--- What the task requires ---
With the pictures omitted, print exactly the lines below, from the one containing "Насловна страна часописа" through the one containing "Kallithea station of Athens Metro system.", and nothing else.

--- Supplied material ---
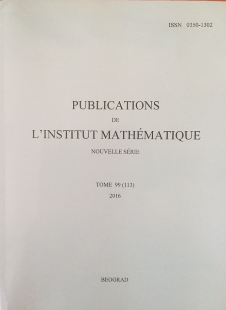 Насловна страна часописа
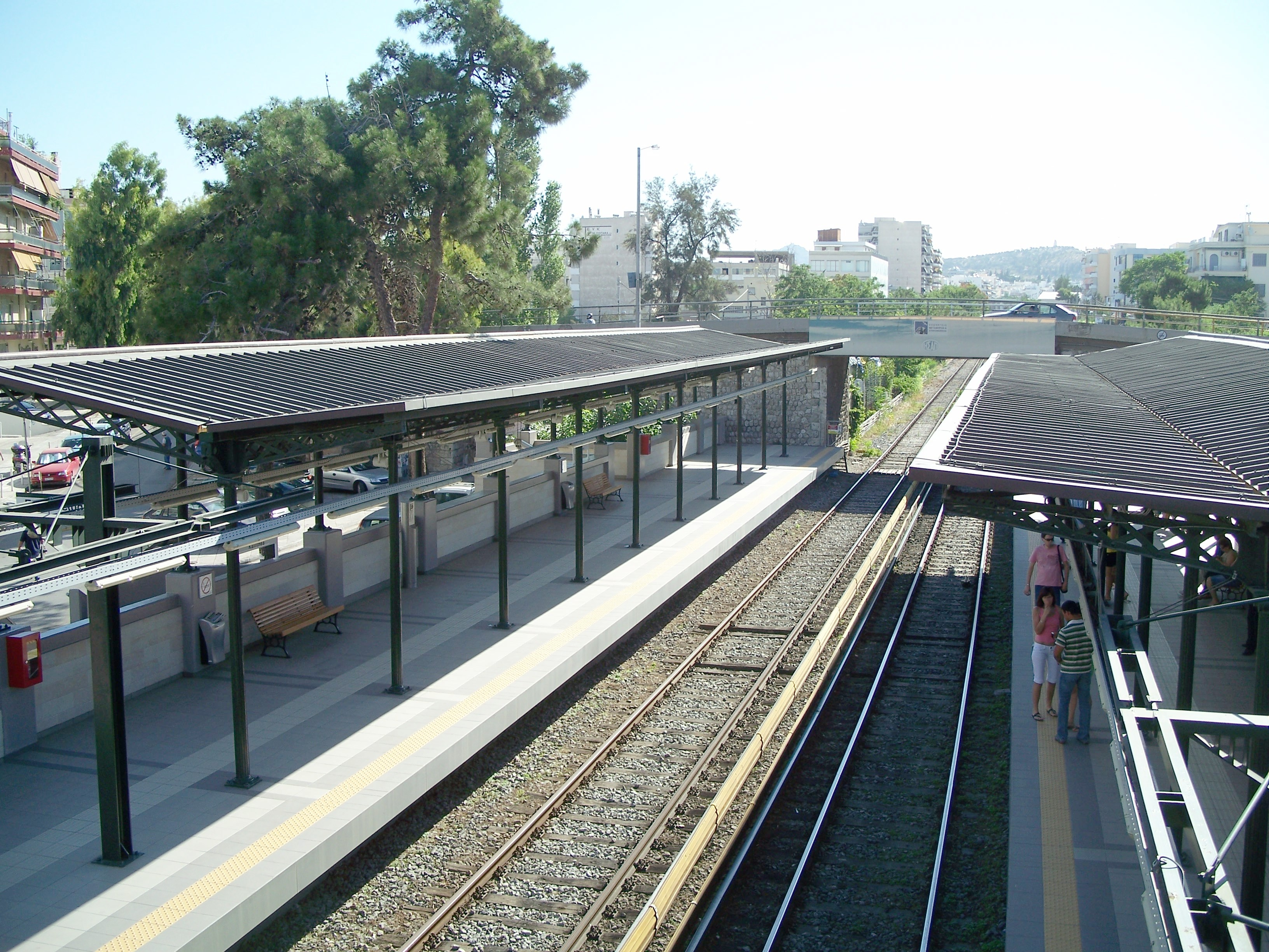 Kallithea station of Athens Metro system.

---

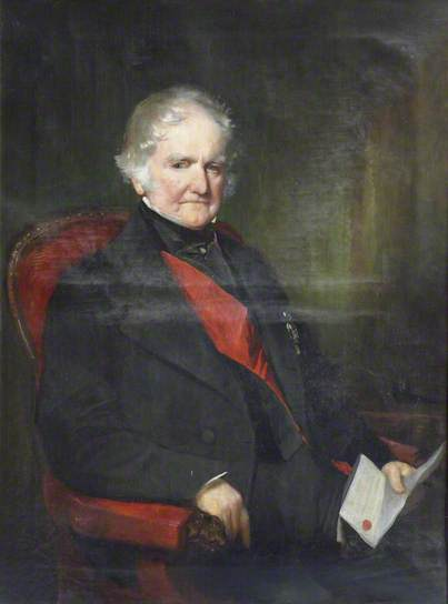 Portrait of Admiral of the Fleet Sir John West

--- Solved exercise ---
 Насловна страна часописа
 Kallithea station of Athens Metro system.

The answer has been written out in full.